Antigen present cells (APCs) have been demonstrated to play dual roles in immune tolerance. Recently, compelling evidence indicates that APCs that express CD80, but not CD86 can protect allograft. We investigated whether modulation of CD80 in dendritic cells (DCs) offer protection for xeno-islets.

Methods

In vitro, isolated mature murine DCs received untransfection, transfection with CD86 siRNA or negative control siRNA. The DCs were used in mixed lymphocyte reaction in which rat islets and murine splenocytes were further added. On day 3 of co-culturing, the proliferation of lymphocytes was measured and interleukin (IL)-2, IL-4, IL-10, transforming growth factor β (TGF-β), interferon γ (INF-γ) and indoleamine 2,3-dioxygenase (IDO) from the supernatants were determined. Islets viability and function were also assessed. In vivo, streptozotocin-induced diabetic mice underwent rat islets transplantation were pre-treated with above DCs. At designated time, xeno-islets were subjected to histopathology, immunohistochemistry, survival time and functional tests.
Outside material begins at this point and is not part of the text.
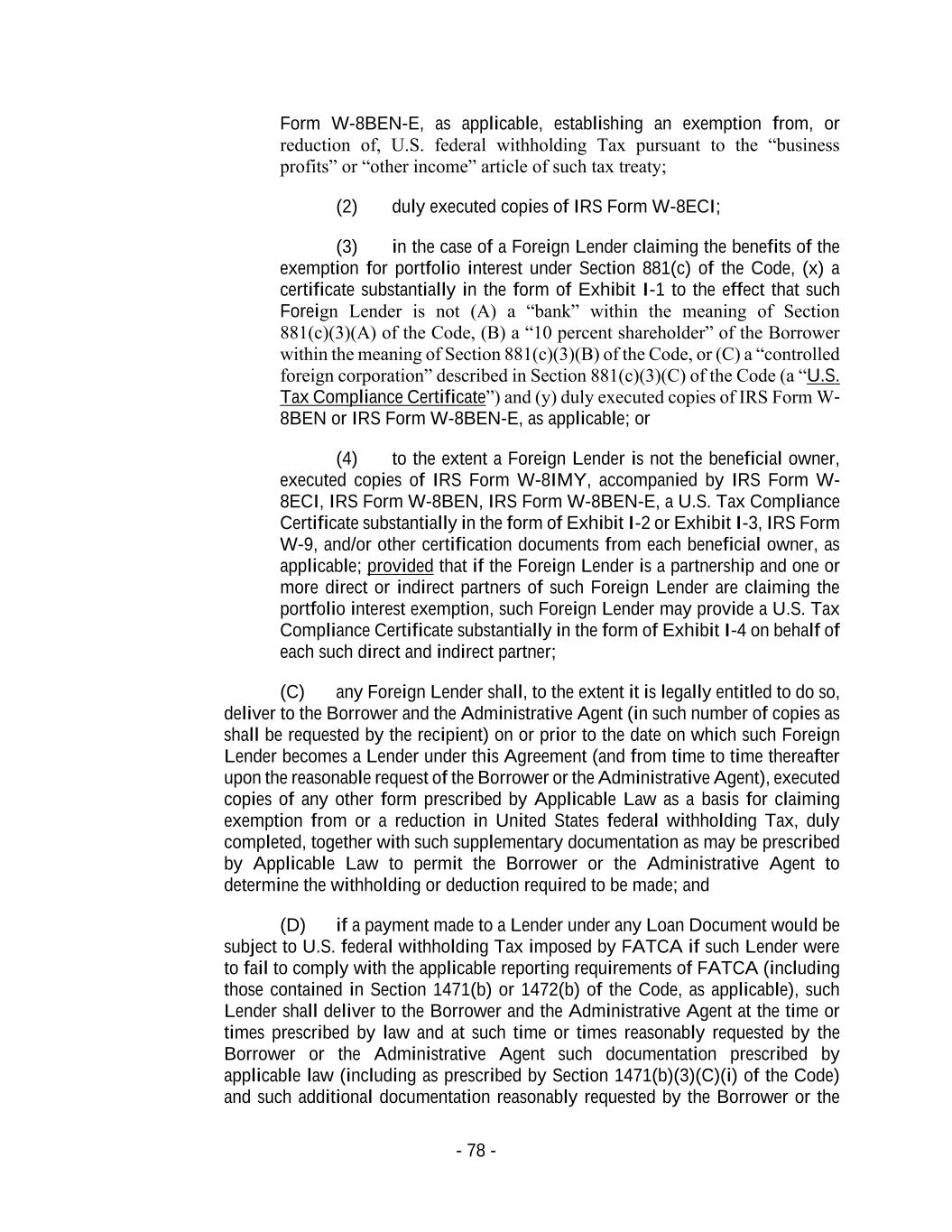 - 78 - Form W-8BEN-E, as applicable, establishing an exemption from, or reduction of, U.S. federal withholding Tax pursuant to the “business profits” or “other income” article of such tax treaty; (2) duly executed copies of IRS Form W-8ECI; (3) in the case of a Foreign Lender claiming the benefits of the exemption for portfolio interest under Section 881(c) of the Code, (x) a certificate substantially in the form of Exhibit I-1 to the effect that such Foreign Lender is not (A) a “bank” within the meaning of Section 881(c)(3)(A) of the Code, (B) a “10 percent shareholder” of the Borrower within the meaning of Section 881(c)(3)(B) of the Code, or (C) a “controlled foreign corporation” described in Section 881(c)(3)(C) of the Code (a “U.S. Tax Compliance Certificate”) and (y) duly executed copies of IRS Form W- 8BEN or IRS Form W-8BEN-E, as applicable; or (4) to the extent a Foreign Lender is not the beneficial owner, executed copies of IRS Form W-8IMY, accompanied by IRS Form W- 8ECI, IRS Form W-8BEN, IRS Form W-8BEN-E, a U.S. Tax Compliance Certificate substantially in the form of Exhibit I-2 or Exhibit I-3, IRS Form W-9, and/or other certification documents from each beneficial owner, as applicable; provided that if the Foreign Lender is a partnership and one or more direct or indirect partners of such Foreign Lender are claiming the portfolio interest exemption, such Foreign Lender may provide a U.S. Tax Compliance Certificate substantially in the form of Exhibit I-4 on behalf of each such direct and indirect partner; (C) any Foreign Lender shall, to the extent it is legally entitled to do so, deliver to the Borrower and the Administrative Agent (in such number of copies as shall be requested by the recipient) on or prior to the date on which such Foreign Lender becomes a Lender under this Agreement (and from time to time thereafter upon the reasonable request of the Borrower or the Administrative Agent), executed copies of any other form prescribed by Applicable Law as a basis for claiming exemption from or a reduction in United States federal withholding Tax, duly completed, together with such supplementary documentation as may be prescribed by Applicable Law to permit the Borrower or the Administrative Agent to determine the withholding or deduction required to be made; and (D) if a payment made to a Lender under any Loan Document would be subject to U.S. federal withholding Tax imposed by FATCA if such Lender were to fail to comply with the applicable reporting requirements of FATCA (including those contained in Section 1471(b) or 1472(b) of the Code, as applicable), such Lender shall deliver to the Borrower and the Administrative Agent at the time or times prescribed by law and at such time or times reasonably requested by the Borrower or the Administrative Agent such documentation prescribed by applicable law (including as prescribed by Section 1471(b)(3)(C)(i) of the Code) and such additional documentation reasonably requested by the Borrower or the

Peripheral blood T lymphocyte profiles were also examined.

Results

CD86-silenced-DCs had unchanged expression of CD80 and significantly suppressed the proliferation of lymphocytes. CD86-silenced-DCs simultaneously reduced IL-2 and INF-γ and increased IL-10, TGF-β and IDO, while had minimal effect on IL-4. The CD86-silenced-DCs also improved cell viability and function of xeno-islets when compared to untransfection and transfection control groups. In xeno-islets transplanted diabetic mice, transfer of CD86-silenced-DCs resulted in improved histopathology and dramatically prolonged survival time of the islets. These effects were also mirrored by the functional tests. Further analysis revealed that CD86-silenced-DCs had up-regulated levels of CD4⁺CD25⁺T cells in the peripheral blood compared to the other groups.

Conclusions

CD86-silenced-DCs induced immune tolerance of rat xeno-islets in recipient diabetic mice with up-regulated peripheral blood CD4⁺CD25⁺T cells.